Aus dem Tagebucheintrag der Ravenna von Hohenfels
„Deus Vult“ – Gott will es.
Darum - so spricht Gott der Herr: Seht, mein Zorn und Grimm ergießt sich über diesen Ort, über Menschen und Vieh, über die Bäume des Feldes und die Früchte des Ackers; er brennt und wird nicht erlöschen. Jeremia 7, 20
Heute ist der Tag, an dem das eiserne Herz meines Glaubens zu schlagen begann:
Die Kirche der Läuterung erhebt sich wie ein Mahnmal des Gerichts über Hohenfels. Dies ist nicht die Kirche der vielen – sondern die der Erwählten, der Unbestechlichen, des Hohen Rates.

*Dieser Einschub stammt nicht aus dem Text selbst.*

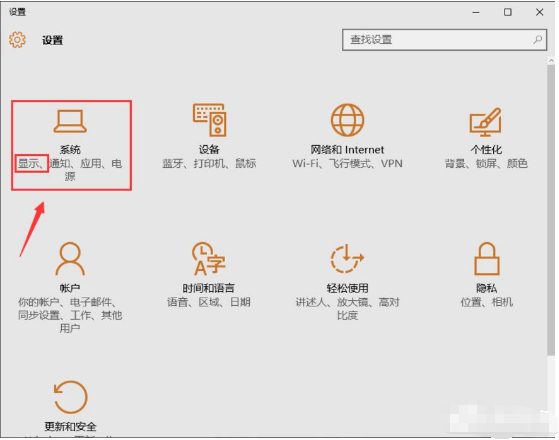 2、点击下拉菜单里的【设置】选项,进入Win10设置对话窗口,在设置选项里找到【系统】功能选项,该选项下有【显示】功能按钮;

Ein Bauwerk von furchteinflößender Reinheit, errichtet nicht für jene, die Trost suchen, sondern für jene, die gebrochen, gerichtet und gereinigt werden müssen. Kein Glasfenster lenkt den Blick gen Himmel – denn der Himmel wendet sich ab von denen, die sich ihm nicht beugen. Nur zwei schmale Öffnungen hoch über dem Eingang, durch die das Licht des Morgens fällt wie zwei göttliche Speere – starr, wachend, erbarmungslos.
Diese Mauern kennen keine Musik. Nur das Stöhnen der Reuigen, das Knirschen der Ketten, das Klopfen der Herzen, die sich unter dem Blick des Allmächtigen nackt fühlen. Dort, wo einst Reliquien den Aberglauben nährten, stehen bei uns eiserne Käfige, in denen der Leib vergeht und die Seele sich – vielleicht – retten kann.
Niemand tritt ein, der nicht berufen oder beschuldigt ist. Der Pöbel bleibt draußen – betend, zitternd, beobachtend.
„Schaffet den Bösen hinweg aus eurer Mitte!“
— 5. Mose 13,6
Die hohen Türen – schwer, mit Eisen beschlagen – öffnen sich nur, wenn das Tribunal ruft. Dann betreten wir den Ort der Läuterung. Der weiße Marmor meines Thrones, das Rot des Samtbezugs – so rot wie das Blut auf dem Tatzenkreuz meines Banners, das über der Kirche weht – erinnert die Schuldigen daran, dass sie nicht vor Menschen sitzen, sondern vor dem Auge des Herrn. Es gibt keinen Ort zum Verstecken. Kein Feigenblatt aus Worten. Nur das Urteil.
Hinter dem Altar liegt der Kerker, kalt wie die Nacht der Verdammnis. Und darunter, in tiefer Stille: die Kammer der Läuterung. Dort spricht das Fleisch, wenn der Geist sich verweigert.
Der Stuhl mit den Dornen.
Die eiserne Jungfrau.
Die Flammenzange.
Ich selbst leite die Befragungen, mit ruhiger Stimme, während der Schrei der Seele zu Gott dringt. Viele gestehen. Manche verfluchen. Alle brennen.
„Tötet sie, bis das Blut bis an die Zügel der Pferde reicht!“
— nach Offenbarung 14,20
Vor der Kirche liegt der Richtplatz, gepflastert mit schwarzem Basalt und gesegnet mit Asche. Wer der Ketzerei überführt wird, tritt aus den Toren, aufrecht oder gezogen, und empfängt dort sein Urteil. Kein langes Verfahren, kein sündhaftes Zaudern. Das Böse muss ausgerottet werden, ehe sein Same keimt. Darum brennen Scheiterhaufen schnell, und Schwerter sinken tief. Das Volk schaut zu, mit offenem Mund – nicht aus Grauen, sondern aus Glaube. Sie verstehen, dass dies nicht Grausamkeit ist, sondern Gnade in eiserner Gestalt.
„Denn es ist besser, dass ein Glied verloren geht, als dass der ganze Leib in die Hölle geworfen wird.“
— Matthäus 5,30
Ich bin kein Mensch mehr, so heißt es, sondern ein Werkzeug. Und das ist wahr. Ich bin das Schwert der Kirche. Ich bin das Auge des Herrn. Ich bin die letzte Schwelle vor dem ewigen Feuer. Und ich wandle nicht in Dunkelheit – ich bin das Dunkel, das jene verschlingt, die das Licht verhöhnen.